REST vs GraphQL: A Practical Guide for Enterprise APIs
On our platform, both REST and GraphQL are first-class. Choosing well affects latency, governance, and cloud app deployment cadence. Below is the decision playbook we use with enterprise teams, including how our AI programming tool and AI web design tool plug in without creating tech debt.
When REST wins
- Stable resources and predictable URLs: orders, invoices, policies. Easy to document and cache.
- CDN and edge caching: GET /orders/123 with strong ETags beats most GraphQL cache tricks.
- Compliance and audit: method semantics, explicit versioning (/v2), and verb-based RBAC simplify approvals.
- Webhooks and integrations: partners understand POST, PUT, PATCH, DELETE with idempotency keys.
- Large uploads or downloads: presigned URLs and range requests are straightforward.
- Simple mobile flows: few endpoints, strong offline caching, no query cost risks.
When GraphQL shines
- Product teams need tailored payloads: fetch order, customer, and last three shipments in one roundtrip.
- Rapid iteration: add fields without breaking existing clients; deprecate gradually.
- Complex UIs: nested relations, conditional data, pagination with connections, and live updates via subscriptions.
- Microservice federation: unify many backends behind a single schema and gateway.
- AI features: one query to hydrate prompts with exactly the fields a model needs.
Patterns that scale on the platform
- Hybrid read/write: commands as REST (clear audit, retries), reads via GraphQL for flexible views.
- Gateway policy: enforce persisted queries, operation allowlists, and depth/complexity limits.
- Pagination standard: REST uses cursor params; GraphQL uses connections with opaque cursors.
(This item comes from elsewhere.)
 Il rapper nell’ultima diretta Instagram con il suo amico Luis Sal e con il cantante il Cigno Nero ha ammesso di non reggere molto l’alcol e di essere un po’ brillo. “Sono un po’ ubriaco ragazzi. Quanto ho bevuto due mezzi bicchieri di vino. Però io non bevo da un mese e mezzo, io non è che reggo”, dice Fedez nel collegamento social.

- Error mapping: GraphQL extensions map to HTTP metrics; REST uses typed problem+json bodies.
- Schema governance: schema lint, breaking-change checks, and preview environments on every PR.
Performance and cost
Cache aggressively: REST with ETag/Cache-Control; GraphQL with persisted queries and field-level caching. Tame N+1 using DataLoader patterns and batch resolvers. Cap cost with a query complexity budget and per-tenant rate limits. Prefer HTTP/2 multiplexing and keep payloads gzip/br.

Security, versioning, and deployment
- Auth: REST scopes per route; GraphQL field-level rules, plus schema-stitched row-level security.
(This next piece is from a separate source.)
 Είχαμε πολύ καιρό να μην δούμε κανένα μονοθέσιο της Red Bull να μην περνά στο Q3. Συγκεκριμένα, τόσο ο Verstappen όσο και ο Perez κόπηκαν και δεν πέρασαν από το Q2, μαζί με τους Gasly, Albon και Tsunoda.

- Versioning: REST via /vN; GraphQL via schema evolution, deprecations, and change windows.
- Cloud app deployment: blue/green REST endpoints; canary GraphQL resolvers with percent traffic.
- Quality gates: contract tests, snapshot queries, and synthetic checks in staging.
AI-first workflows
Our AI programming tool reads OpenAPI and GraphQL schemas to generate typed clients, test stubs, and prompt fixtures. The AI web design tool consumes fragments to build data-aware components without overfetching. Tip: pin persisted queries for any model-driven feature to control cost and drift, and log field usage to guide schema pruning.
Migration playbook
Start by mirroring REST reads in GraphQL, ship persisted queries, then move complex screens. Keep writes in REST until SLAs stabilize. Instrument with trace IDs and field usage metrics, then prune unused fields and endpoints.